Sense of community, often referred to as psychological sense of community, has been
predominantly associated with the McMillan and Chavis (1986) model, although other
conceptual frameworks and several measures have also been proposed (Bishop,
Chertok, & Jason, 1997; Buckner, 1988; Cantillon, Davidson, & Schweitzer, 2003;
Davidson & Cotter, 1986, 1993; Glynn, 1981; Hughey et al., 1999; Long & Perkins,
2003). Alternative conceptions and measures notwithstanding, the Sense of Commu-
nity Index (SCI; Perkins et al., 1990; see Long & Perkins, 2003, for a more detailed
discussion of the development of the SCI), or some adaptation of it, has been utilized
by much of the empirical work that has measured SOC (e.g., Brodsky, O’Campo, &
Aronson, 1999; Kingston, et al., 1999; Mahan, Garrard, Lewis, & Newbrough, 2002;
Peterson & Hughey, 2004; Peterson & Reid, 2003; Pretty, McCarthy, & Catano, 1992;
Pretty, Conroy, Dugay, Fowler, & Williams, 1996; Speer, 2000; Speer, Jackson, &
Peterson, 2001). The SCI was intended to be a brief assessment of the four dimensions
of SOC as articulated in McMillan and Chavis’ (1986) model. These dimensions
include needs fulfillment (a perception that members’ needs will be met by the
community), group membership (a feeling of belonging or a sense of interpersonal
relatedness), influence (a sense that one matters, or can make a difference, in a
community and that the community matters to its members), and emotional
connection (a feeling of attachment or bonding rooted in members’ shared history,
place or experience).
Although popular, a series of recent studies has raised compelling questions
about the validity of the SCI, as well as other existing measures of SOC, and
the McMillan and Chavis (1986) model itself (Chipuer & Pretty, 1999; Long &
Perkins, 2003; Obst & White, 2004; Proescholdbell, Roosa, & Nemeroff, 2006;
Tartaglia, 2006). Chipuer and Pretty (1999) tested the factor structure of the SCI by
conducting principal components factor analysis of data from adults and youth using
both neighborhoods and workplaces as referents. Chipuer and Pretty reported
that SCI items tended to load on different or multiple subscales in different
samples, indicating that items generally did not converge as expected based
on the McMillan and Chavis (1986) model. In addition, Chipuer and Pretty
(1999) reported weak reliabilities for the overall SCI scale as well as for the
hypothesized subscales. Rather than revising the SCI or suggesting changes to the
McMillan and Chavis (1986) model, Chipuer and Pretty (1999) recommended
using the SCI as a one-factor instrument until better items could be developed and
validated.
62 Journal of Community Psychology, January 2008
Journal of Community Psychology DOI 10.1002/jcop
Long and Perkins (2003) described similar problems with the items of the SCI. As
a methodological improvement, they applied confirmatory factor analysis (CFA) to test
both the 1-factor and hypothesized 4-factor models for the SCI using data from the
original Perkins et al. (1990) study. Their goodness of fit indices suggested poor fit for
both the 1-factor and 4-factor solutions. Rather than developing and testing new items,
Long and Perkins (2003) returned to the original dataset to conduct exploratory factor
analysis (EFA) and CFA of SCI items, along with additional items that were not
formerly part of the SCI, to find a better fitting model for the Perkins et al. (1990) data.

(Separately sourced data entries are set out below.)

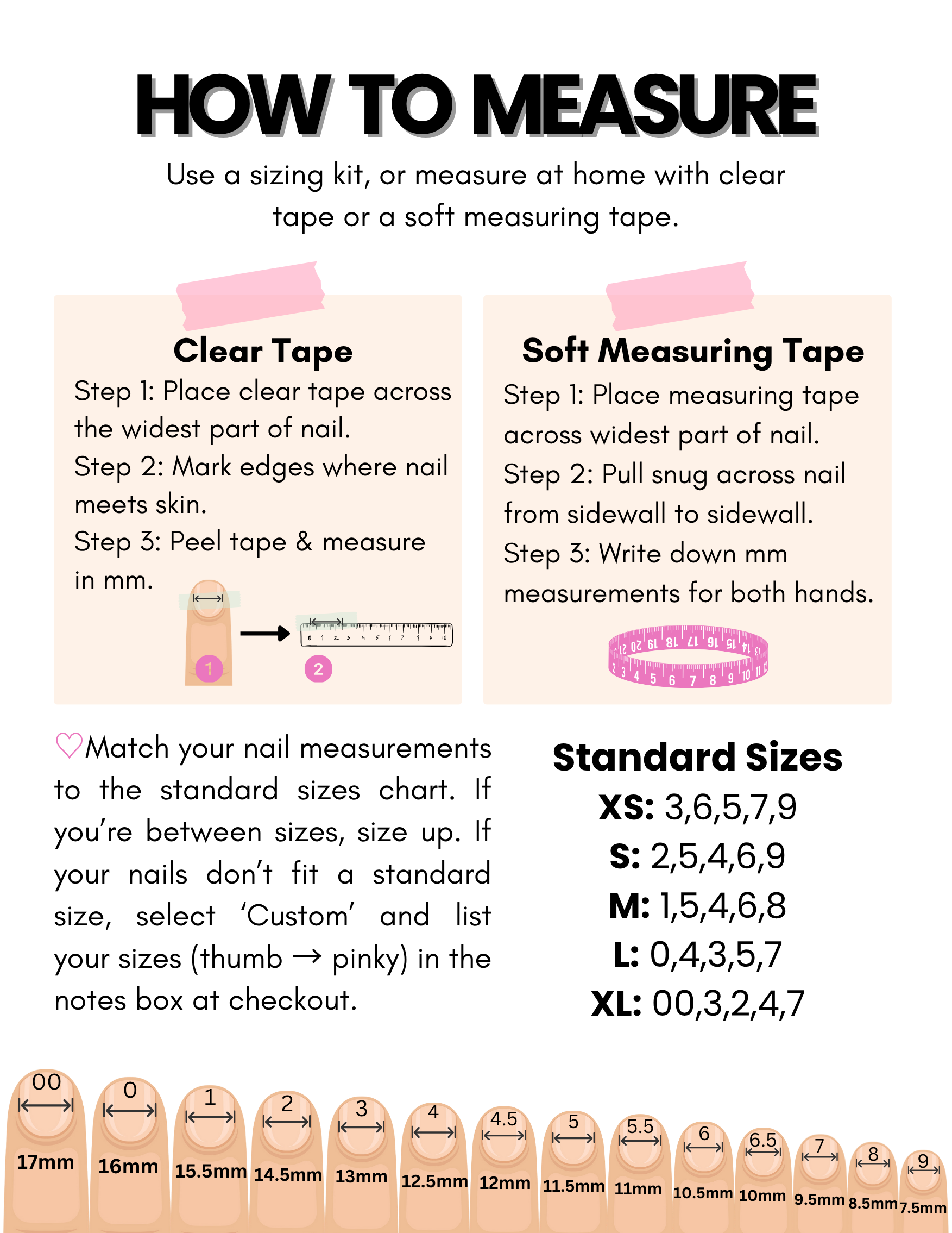 For custom sizing: Please select "Custom" and leave your individual nail sizes or measurements (either works for me) at checkout in the note box in the order of: Thumb, Index, Middle, Ring, Pinky. EX: 18 mm, 13 mm, 16 mm, 11 mm, 9 mm. OR 0, 3, 5, 5, 8.
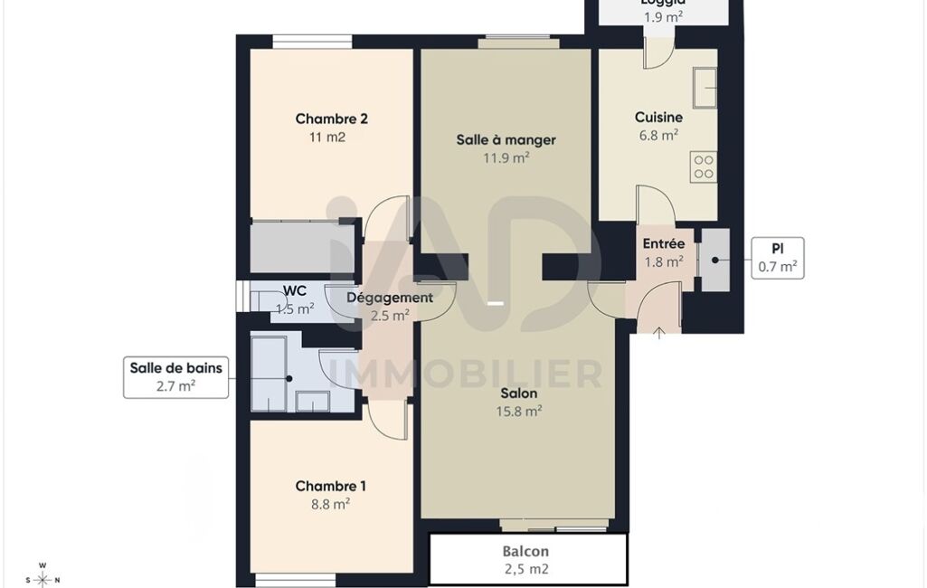 iad France - Amandine Lopes vous propose: — Quartier du Mont Mesly — 2 CHAMBRES - 3ÈME CHAMBRE POSSIBLE - AUCUN TRAVAUX - LOGGIA - BALCON et CAVE !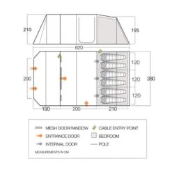 The Whitby 600 is a 6-man poled tent, perfect for spending quality time with family and friends. This tent is durable and highly waterproof and designed using Vango’s Sentinel Active fabric. The pre-attached front awning is perfect for socialising alongside the large internal living area. Diamond Clear windows allow for a bright and airy environment whilst a great night’s sleep is guaranteed with our Lights-Out Inners. 2 large doors with a mesh front layer allow for increased ventilation and ease of access to the tent.Â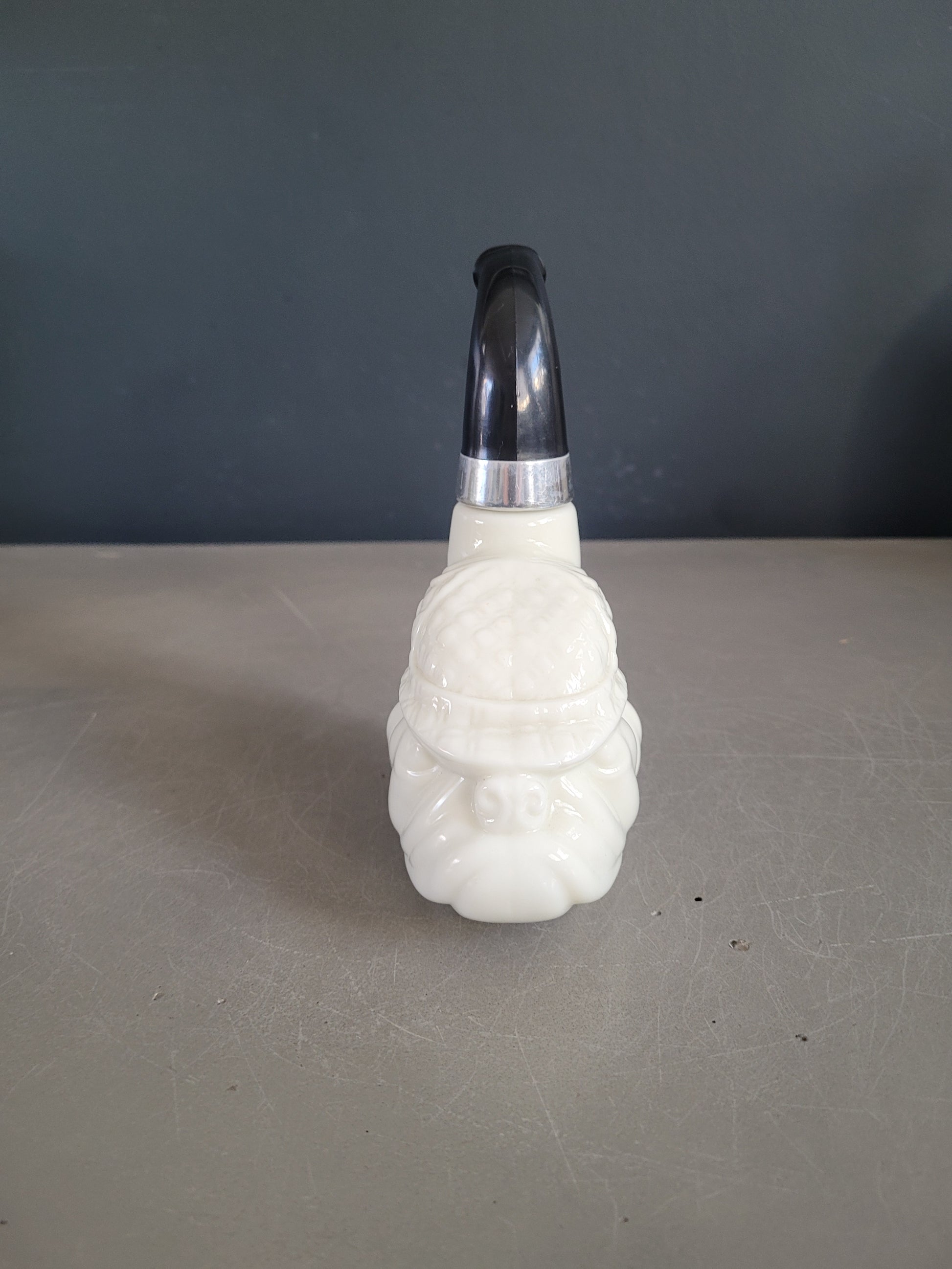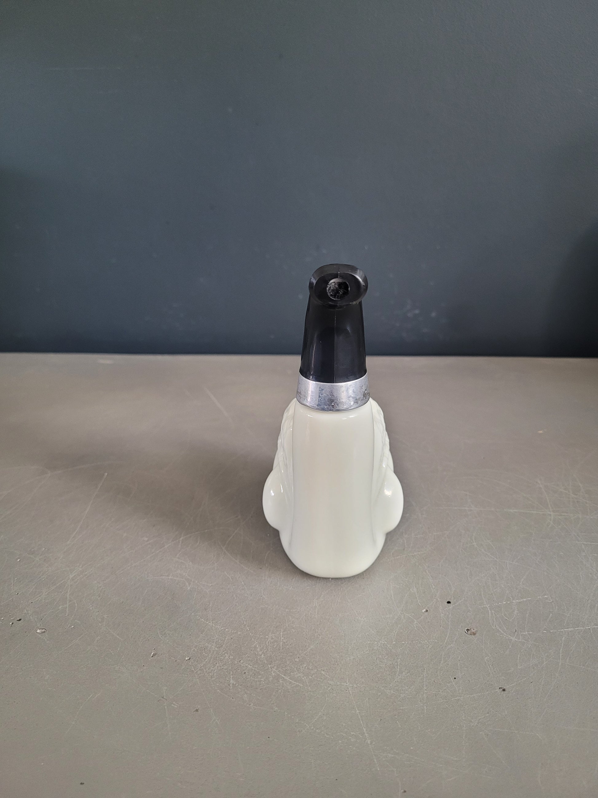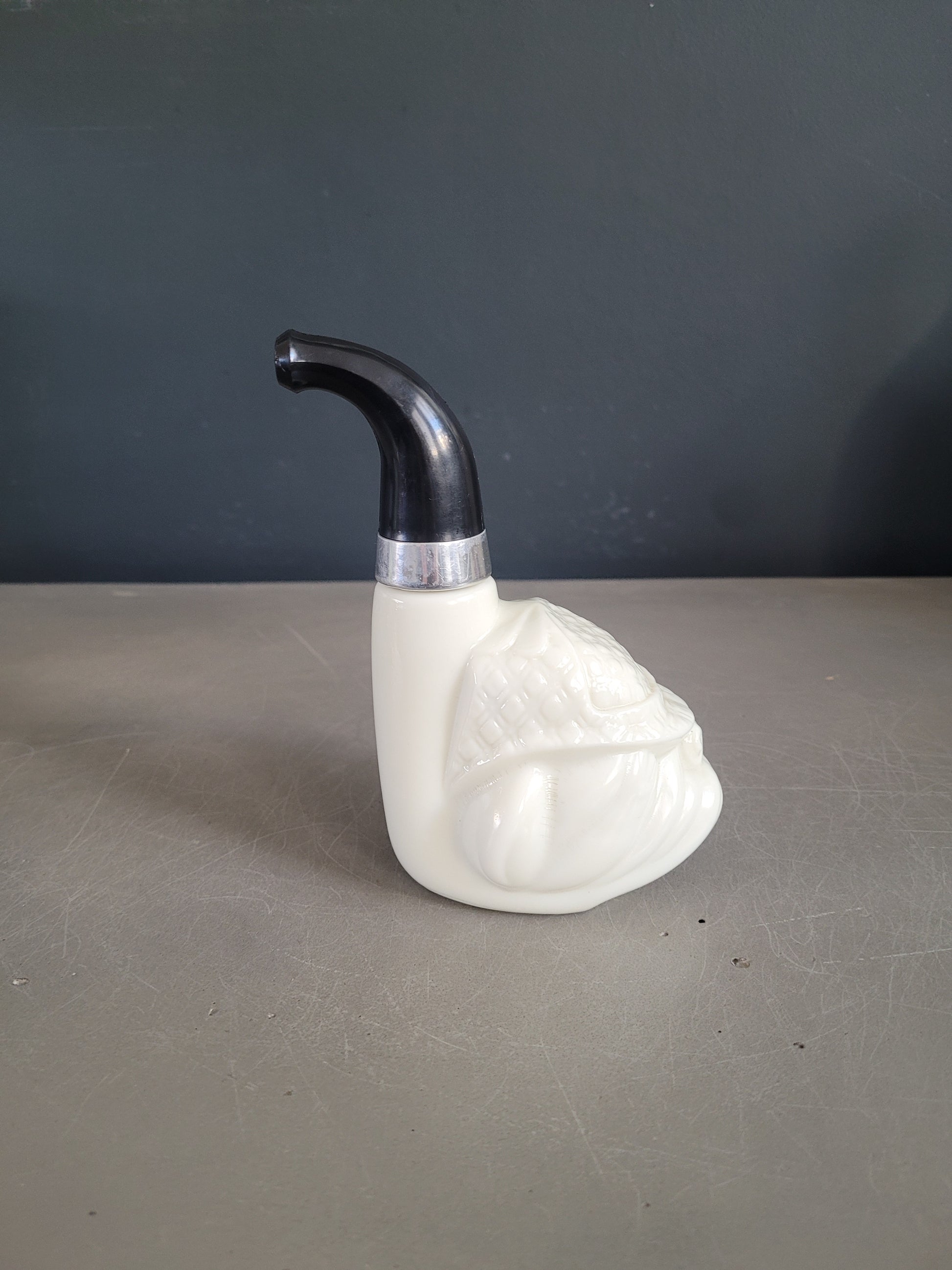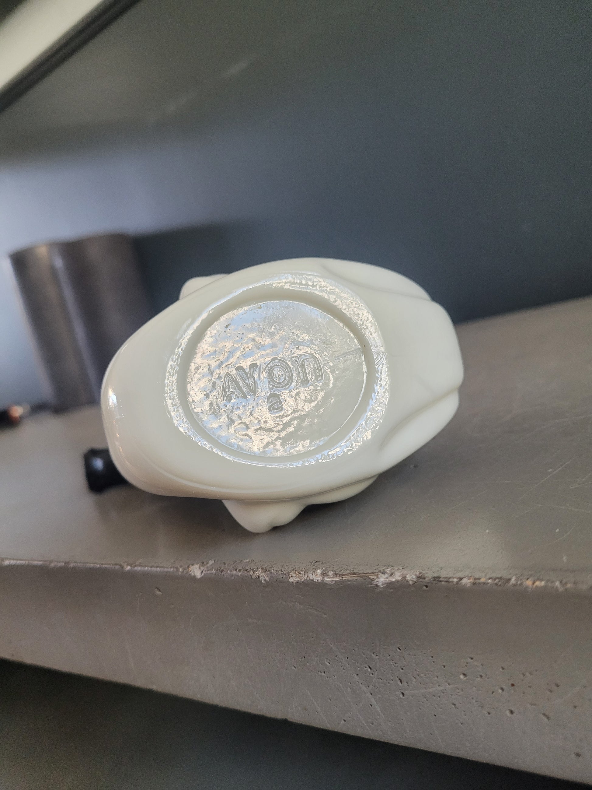 Très original ce flacon d'after-shave (après-rasage) de la marque Avon, en opaline couleur crème et embout plastique noir.

Because of their analyses, Long and Perkins (2003) recommended abandonment of
the original SCI in favor of the Brief Sense of Community Index (BSCI)—an 8-item
scale combining five original SCI items with three other face-valid items. These eight
items were configured to correspond to a new dimensional structure for SOC, which
included social connections, mutual concerns, and community values. As noted by
Obst and White (2004), however, little theoretical justification was provided by Long
and Perkins (2003) for their new dimensional structure.
Obst and White’s (2004) study also used CFA to test the SCI. Consistent with Long
and Perkins (2003), they found that the hypothesized factor structure of the SCI did
not adequately fit their data. Unlike Long and Perkins (2003), however, Obst and
White (2004) suggested retaining many of the SCI items with the 4-factor structure of
McMillan and Chavis (1986). To preserve the 4-factor model, Obst and White (2004)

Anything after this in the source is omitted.